Music begins with a melody. All music really — even Swedish Death Metal and Philip Glass. And the history of music can be traced back to bone flutes in the Upper Paleolithic. Every known culture in the history of the world has dabbled in music… in melody of some form. Many scholars, somewhat controversially, believe that music predates language. Let’s use that theory to rest on the idea that music is communication. From the Nickelbacks to the Ludwig vans, all intended to convey an idea or an expression, something beyond words. In the case of the former, the takeaway might just be that the artist doesn’t have anything interesting to convey and the music itself acts as a form of self-flagellation. A lovely theory, that.

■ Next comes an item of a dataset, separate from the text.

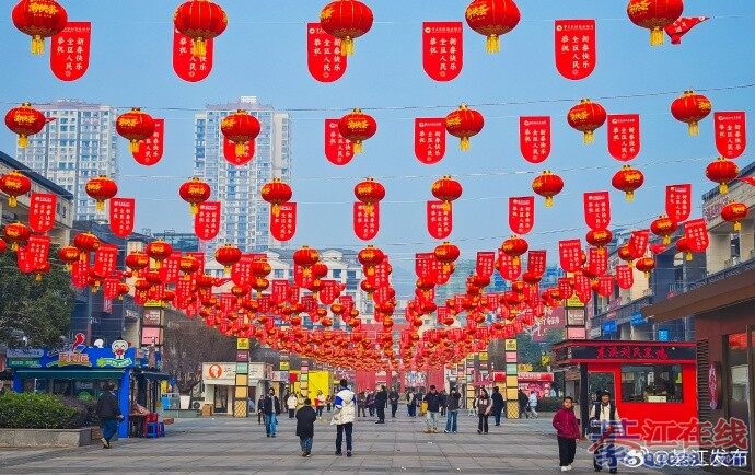 【年味渐浓】新春佳节临近,綦江金街挂满了红彤彤的灯笼,节日氛围预发浓厚。 来源:綦江发布微博
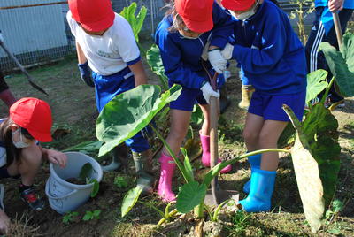 「根元すぐ近くにスコップを入れると、芋が切れてしまうかもしれないから、少し遠くのところにスコップを入れてね。

There’s a reason that simple, timeless melodies like “Ode to Joy” become omnipresent anthems that represent the best that civilization has to offer. This, the prelude to the final movement of Beethoven’s Symphony №9, stands as a monument to the triumph of collaboration and brotherhood over war and desperation.

Beethoven put music to a poem written by Friedrich Schiller called “An die Freude” (from the German: “To Joy”). So much of our conception of these legendary composers leans on notions of them being mad geniuses, penning their compositions in feces on the walls of their rubber rooms. If not lost to stark-raving madness, how else could they write and create something so extraordinary?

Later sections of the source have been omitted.